An exception occurs when mapping raw data to dict leaving the Dataset in an 
incomplete and invalid state.

What version of the product are you using?
Pydicom 0.9.7
IronPython 2.7

***NOTE***: any text or attached files posted with the issue can be viewed
by anyone. You are solely responsible to ensure that they contain no
confidential information of any kind.

Please provide any additional information below.

Issue results from raw unicode data being typed as, 'str'.  Then the conversion 
to str fails with an unhandled exception.

I don't have patch tool.  below is modified valuerep.py:MultiString 
implementation to resolve issue.

def MultiString(val, valtype=str):
    """Split a string by delimiters if there are any

    val -- DICOM string to split up
    valtype -- default str, but can be e.g. UID to overwrite to a specific type
    """
    # Remove trailing blank used to pad to even length
    #2005.05.25: also check for trailing 0, error made in PET files we are converting
    if val and (val.endswith(' ') or val.endswith('\x00')):
        val = val[:-1]

    # XXX --> simpler version python > 2.4   splitup = [valtype(x) if x else x for x in val.split("\\")]
    splitup = []
    for subval in val.split("\\"):
        if subval:
            if isinstance(val, unicode):
                splitup.append(unicode(subval))
            else:
                splitup.append(valtype(subval))
        else:
            splitup.append(subval)
    if len(splitup) == 1:
        return splitup[0]
    else:
        return MultiValue(valtype, splitup)

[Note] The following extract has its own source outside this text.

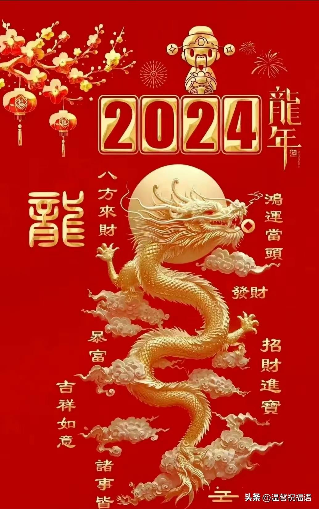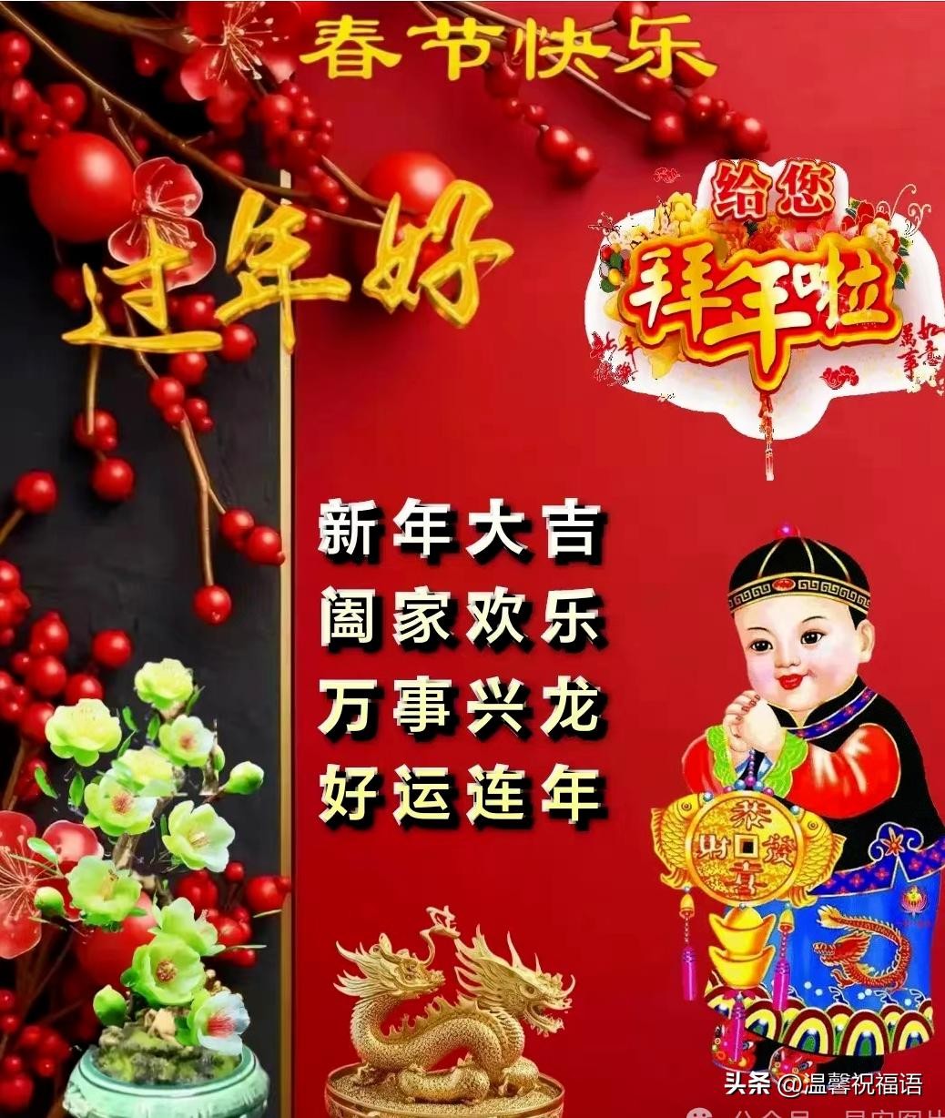 龙年祥瑞送福来,喜庆热闹笑开怀。财神拱照永发达,好运连连常相随。家庭团聚温馨乐,健康平安笑嘻嘻。龙年新春喜洋洋,幸福快乐共欢腾。
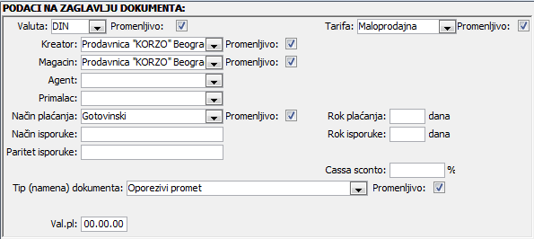 U sekciji prozora "Inicijalni podaci za vrstu dokumenta:" pod nazivom "PODACI NA ZAGLAVLJU DOKUMENTA:" moguće je inicijalizovati unos sledećih podataka u zaglavlje dokumenta: "Valuta:", "Kreator:", "Magacin:", "Agent prodaje:", "Primalac:", "Način plaćanja:", "Način isporuke:", "Peritet isporuke:", "Tarifa:", "Rok plaćanja:", "Rok isporuke:", "Cassa sconto:", "Tip (namena) dokumenta:" i valuta plaćanja "Val.pl.:" (vidi sliku)

Original issue reported on code.google.com by j...@computer.org on 23 Apr 2012 at 4:02

Attachments:

GoogleCodeExporter commented 9 years ago
Thanks for the issue and sample file. However, on python 2.7, I don't see this 
error after running the steps to generate the problem. In regular python, val 
should never be unicode. A quick search shows that (at least some time ago) 
IronPython did everything in unicode, so the error is probably unique to 
IronPython.

Hmmm... so what to do... I'm not convinced this is the only place where unicode 
would cause a problem. Even in the python 3 version of pydicom, I expect val 
will come into MultiString as bytes (but probably will be converted inside).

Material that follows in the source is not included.